Sea reported its first-ever quarterly net profit in March, about 14 years after its founding. The company took brutal measures last year to convince investors of its profit-making ability, including cutting thousands of jobs, retreating from major markets and slashing more than $700 million from its quarterly sales and marketing expenses.

In his 1,300-word missive, sent out about a week before the company is set to report its next earnings, Chief Executive Officer Li addressed head-on the painful struggles Sea went through during its turnaround effort. Sea was at one point in 2020 the world’s best-performing stock, buoyed by hopes the company would embody Southeast Asia’s nascent e-commerce and entertainment boom.
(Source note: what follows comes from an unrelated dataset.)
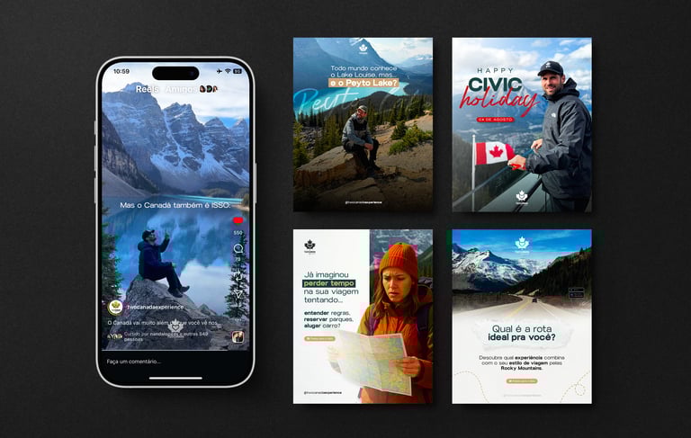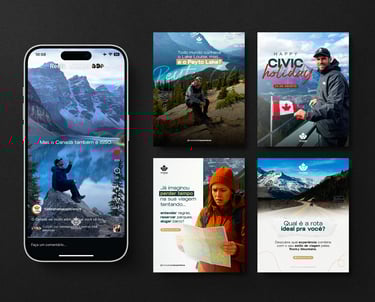 Agência de turismo especializada em roteiros exclusivos pelo Canadá, com foco em experiências imersivas. Produzimos reels, roteiros de conteúdo e legendas estratégicas, conectando viajantes brasileiros às paisagens e atrações mais icônicas do país.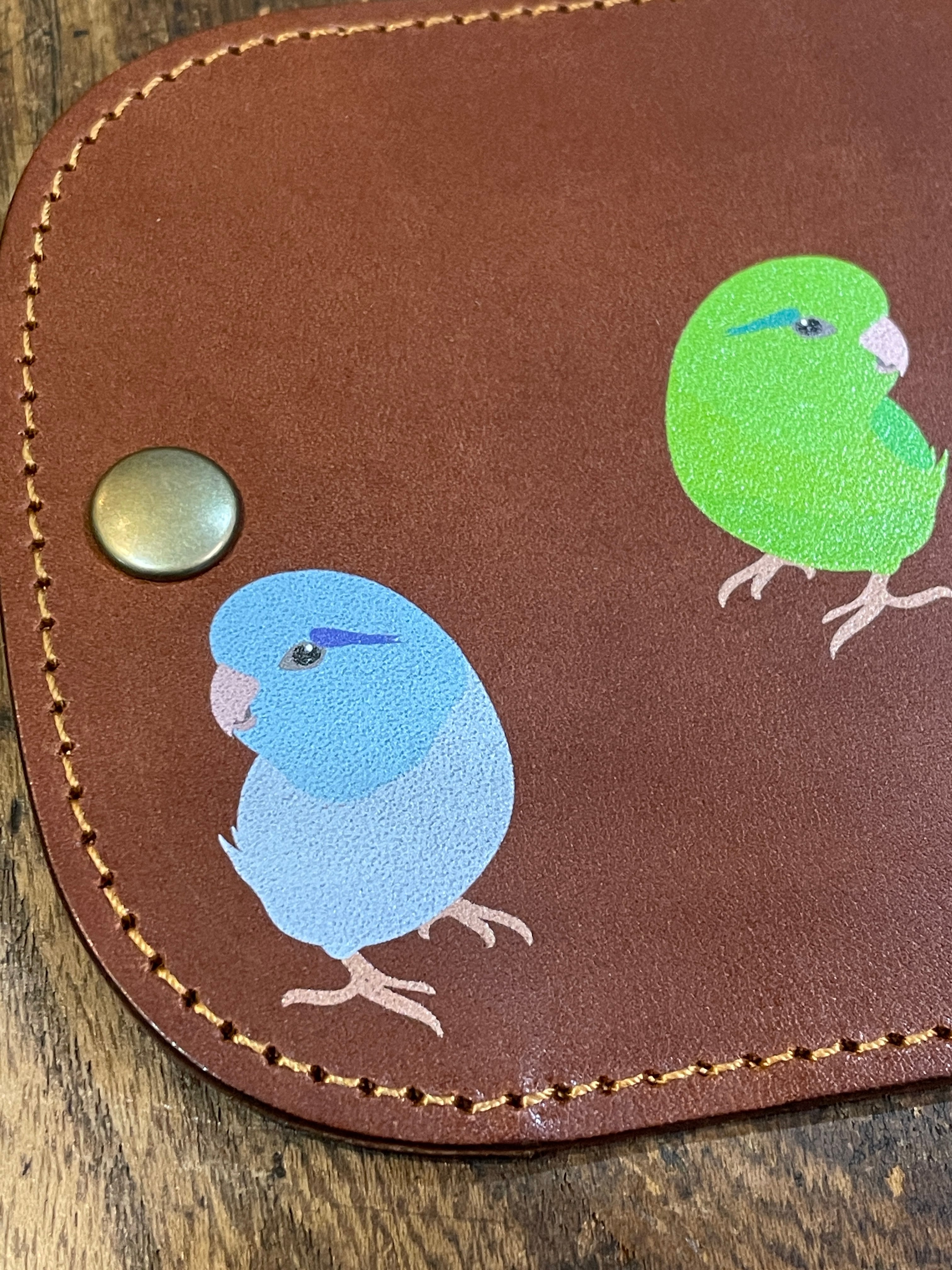あいうえ堂オリジナルのイラストはインクのはがれにくいUV印刷にて印刷をしています。イラストの色は、何年もほぼ褪せることもなくそのままお愉しみいただきつつ、イラストの部分以外は本革の素材感をそのまま感じていただけます。

But the company then lost about $160 billion of market value since a peak in October 2021 on questions about its moneymaking prospects and a global decline in tech stocks.

“This past year was probably the most difficult period in the history of our company,” Li said, describing “painful” decisions including layoffs the management had to take to navigate a worsening business environment.

Last year, Sea cut about 3,500 people from its workforce, according to its annual report. In September, the leadership team said they would forgo their salaries and tighten company expense policies until the company reaches self-sufficiency.

“The external environment is still a challenging one,” Li said. “With self-sufficiency, we have a foundation for strong growth once again.”

--With assistance from Vlad Savov.

(Updates shares in third paragraph)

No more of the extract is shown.